The Routledge Handbook of Anthropology and Reproduction is a comprehensive overview of the topics, approaches, and trajectories in the anthropological study of human reproduction. The book brings together work from across the discipline of anthropology, with contributions by established and emerging scholars in archaeological, biological, linguistic, and sociocultural anthropology. Across these areas of research, consideration is given to the contexts, conditions, and contingencies that mark and shape the experiences of reproduction as always gendered, classed, and racialized. Over 39 chapters, a diverse range of international scholars cover topics including: Reproductive governance, stratification, justice, and freedom. Fertility and infertility. Technologies and imaginations. Queering reproduction. Pregnancy, childbirth, and reproductive loss. Postpartum and infant care. Care, kinship, and alloparenting. This is a valuable reference for scholars and upper-level students in anthropology and related disciplines associated with reproduction, including sociology, gender studies, science and technology studies, human development and family studies, global health, public health, medicine, medical humanities, and midwifery and nursing.

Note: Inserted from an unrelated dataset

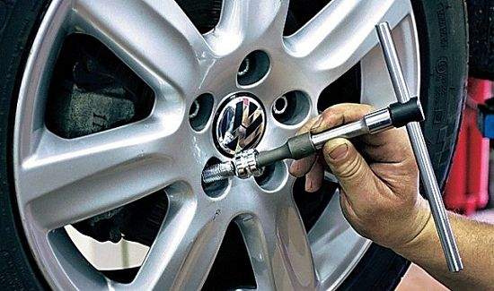 Очень эффективным способом считается протяжка. Суть метода заключается в следующем: все болты кроме хитрого затягиваются с максимальным усилием (важно не переусердствовать и не свернуть головки), затем колесо вывешивается. Часто после того, как все болты затянуты, появляется возможность выкрутить секретку без особого усилия.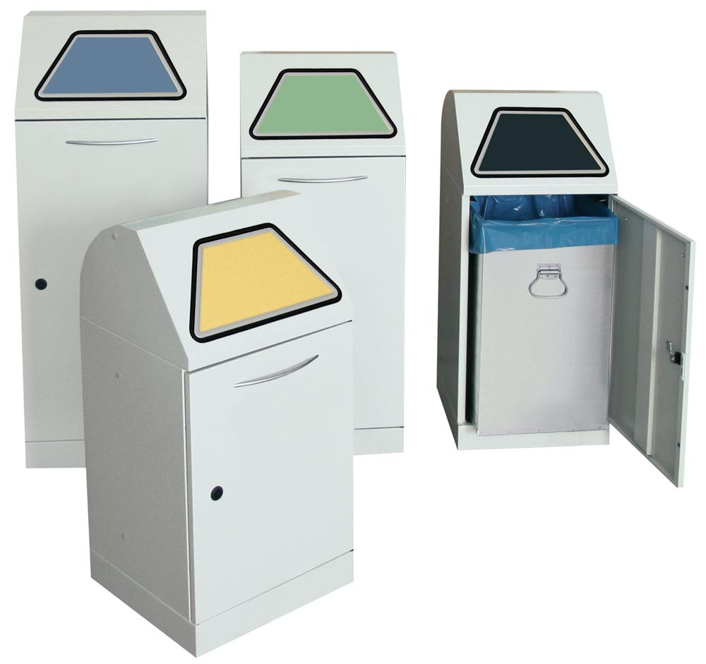 · Aus verzinktem Stahlblech · Geräuschlose Schließung der Einwurfklappe durch Dämpfer · Ergonomischer Griff und Tritthebel aus Edelstahl · Hochwertige Umweltfreundliche Pulverbeschichtung, schlag- und kratzfest · Flügeltür mit Magnetverschluss und Vierkantverriegelung · Niveauregulierung im Frontbereich mittels zwei Stellfüßen · Farbe graualuminium-struktur

Refiguring the Postmaternal

Author : Maria Fannin,Maud Perrier
Publisher : Routledge
Page : 282 pages
File Size : 51,6 Mb
Release : 2018-10-16
Category : Social Science
ISBN : 9781351200097

Get Book

Refiguring the Postmaternal by Maria Fannin,Maud Perrier Pdf

This book explores the concept of the ‘postmaternal’ as a response to changing cultural, political and economic conditions for motherhood and responds to Julie Stephens’ contention that gender-neutral feminism has led to a forgetting of the maternal within feminist memory. In Confronting Postmaternal Thinking: Feminism, Memory, Care (2011) Stephens identifies a significant cultural anxiety about care-giving, nurturing and human dependency she calls ‘postmaternal’ thinking. Stephens argues that maternal forms of care have been rejected in the public sphere and marginalised to the private domain through an elaborate process of cultural forgetting, in turn contributing to the current dominance of a degendered form of feminism. This book argues that refiguring postmaternalism requires opening up the maternal beyond the category of mothers and the nuclear family. The chapters in this edited volume contribute to the field of maternal studies by investigating the connections between maternalism, feminism and neoliberalism through diverse feminist theories, cases and methodologies. We challenge Stephens’ diagnosis of the ‘forgetting’ of certain forms of maternal practices from feminism’s history by highlighting the ongoing contested place of the maternal in feminist scholarship and activism for the last five decades. We argue that the memorializing of the maternal in feminist scholarship needs to reflect its diverse legacies in the analyses of black feminism, socialist feminism and ecofeminism in order to destabilise the association of the maternal with neoliberalism and the depoliticization of feminism. This book was originally published as a special issue of Australian Feminist Studies.

Parenting Culture Studies

Author : Ellie Lee,Jennie Bristow,Charlotte Faircloth,Jan Macvarish
Publisher : Springer Nature
Page : 393 pages
File Size : 43,6 Mb
Release : 2023-12-26
Category : Social Science
ISBN : 9783031441561

Get Book

Parenting Culture Studies by Ellie Lee,Jennie Bristow,Charlotte Faircloth,Jan Macvarish Pdf

Now in its second edition, Parenting Culture Studies seeks to understand how parenting is taken as a particular mode of childrearing that reflects broader social trends. Ten years after the initial volume's groundbreaking publication, the authors once again closely examine how the main aspects of parenting have been established, explored, and critically evaluated. Chapters revisit phenomena such as intensive parenting and politics around parenting, as well as controversial issues including policing pregnant women's bodies and parental determinism. In addition to updates throughout the volume, including those addressing literature that has built from the book’s original publication, the book features a new third part discussing parents dealing with risk assessment, school closures, contradictory care arrangements, and vaccine hesitancy during the COVID-19 pandemic.